Work request ▸
Among the entries below, find the line with "En el cuarto" and the line with "Zipper Mouth Face Emoji Large Eyes Shirt". Return exactly those lines and every line between them, but no pictures.

Provided data ▸
((

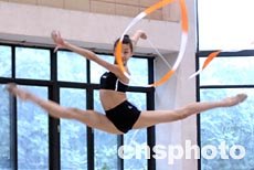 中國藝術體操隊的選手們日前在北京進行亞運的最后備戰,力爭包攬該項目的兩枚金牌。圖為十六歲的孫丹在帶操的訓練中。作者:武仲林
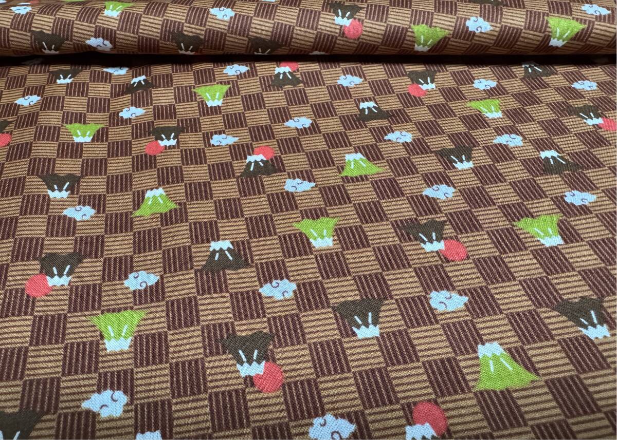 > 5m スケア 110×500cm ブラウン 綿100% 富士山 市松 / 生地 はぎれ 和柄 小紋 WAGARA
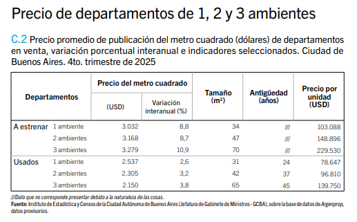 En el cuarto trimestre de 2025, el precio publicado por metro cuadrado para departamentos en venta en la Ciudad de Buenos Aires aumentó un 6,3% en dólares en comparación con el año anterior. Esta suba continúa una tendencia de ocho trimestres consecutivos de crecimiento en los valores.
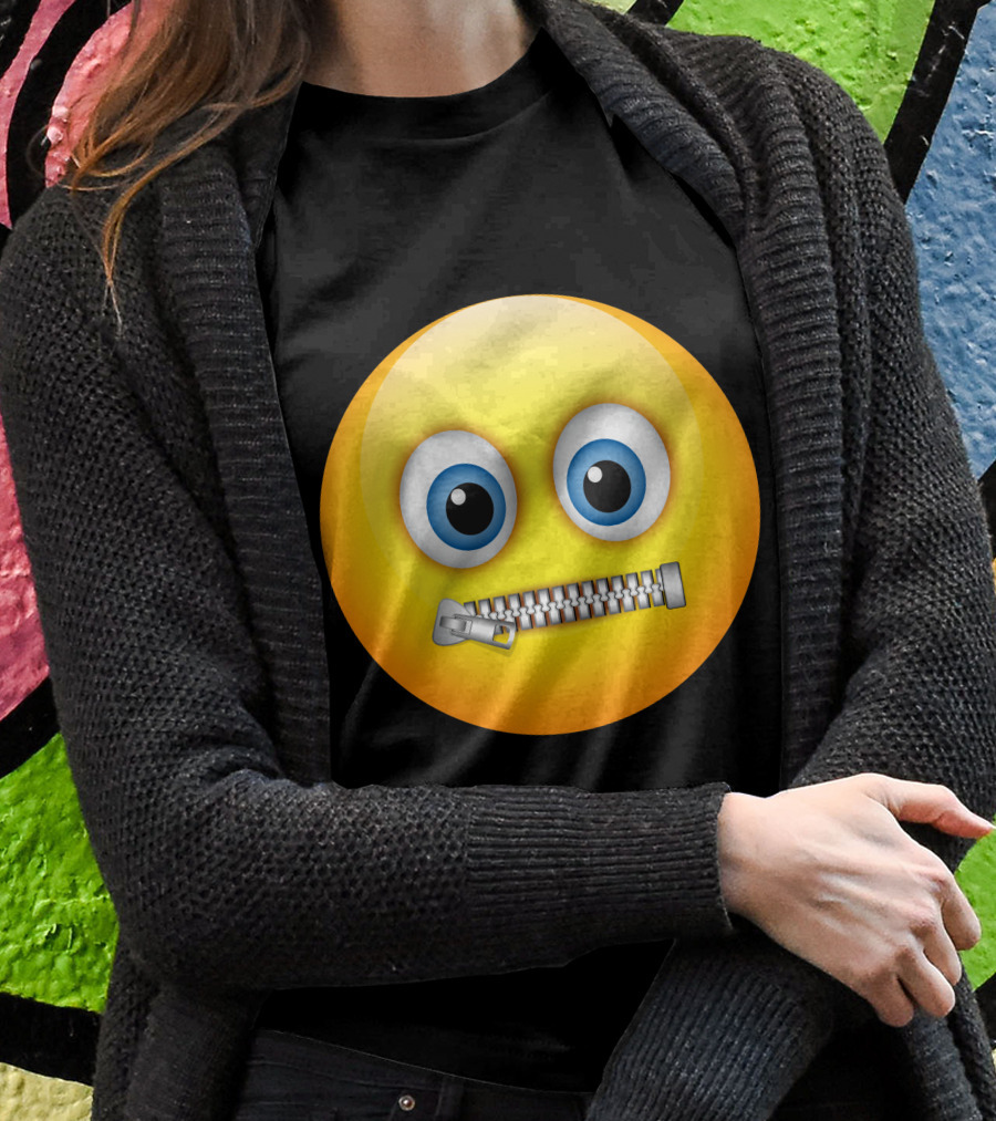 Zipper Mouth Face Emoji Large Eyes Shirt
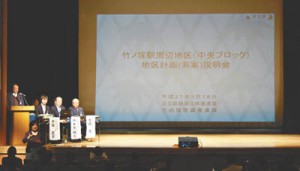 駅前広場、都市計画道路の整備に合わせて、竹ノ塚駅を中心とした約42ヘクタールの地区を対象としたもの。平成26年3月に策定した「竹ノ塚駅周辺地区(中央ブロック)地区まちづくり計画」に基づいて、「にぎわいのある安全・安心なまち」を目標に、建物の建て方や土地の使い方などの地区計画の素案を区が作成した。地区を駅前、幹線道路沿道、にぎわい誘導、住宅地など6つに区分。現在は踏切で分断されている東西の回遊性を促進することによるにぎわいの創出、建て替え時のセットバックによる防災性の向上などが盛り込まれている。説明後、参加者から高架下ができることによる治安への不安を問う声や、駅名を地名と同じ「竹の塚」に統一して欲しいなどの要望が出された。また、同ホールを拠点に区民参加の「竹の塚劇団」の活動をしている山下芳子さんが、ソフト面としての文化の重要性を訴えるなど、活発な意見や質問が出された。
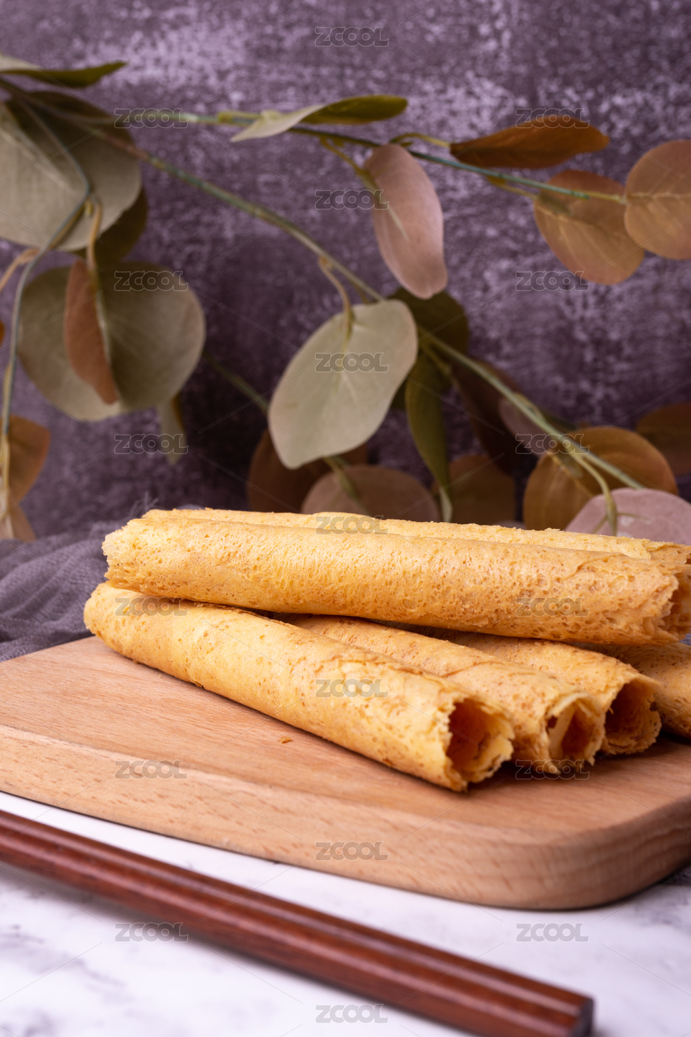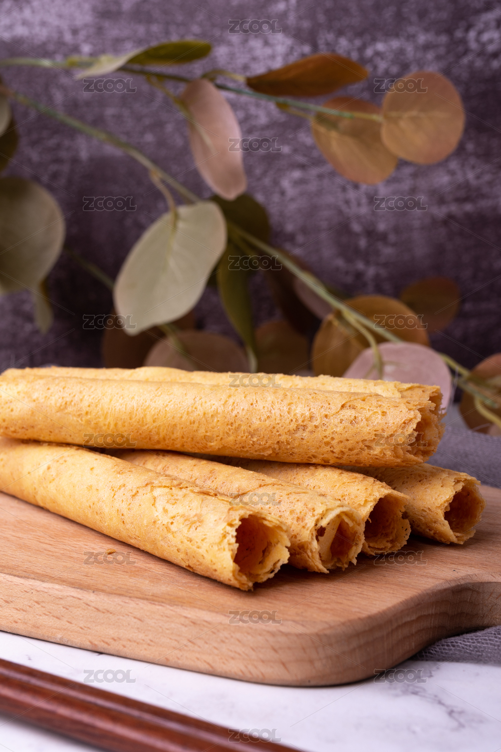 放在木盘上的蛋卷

))

Answer to this problem ▸
 En el cuarto trimestre de 2025, el precio publicado por metro cuadrado para departamentos en venta en la Ciudad de Buenos Aires aumentó un 6,3% en dólares en comparación con el año anterior. Esta suba continúa una tendencia de ocho trimestres consecutivos de crecimiento en los valores.
 Zipper Mouth Face Emoji Large Eyes Shirt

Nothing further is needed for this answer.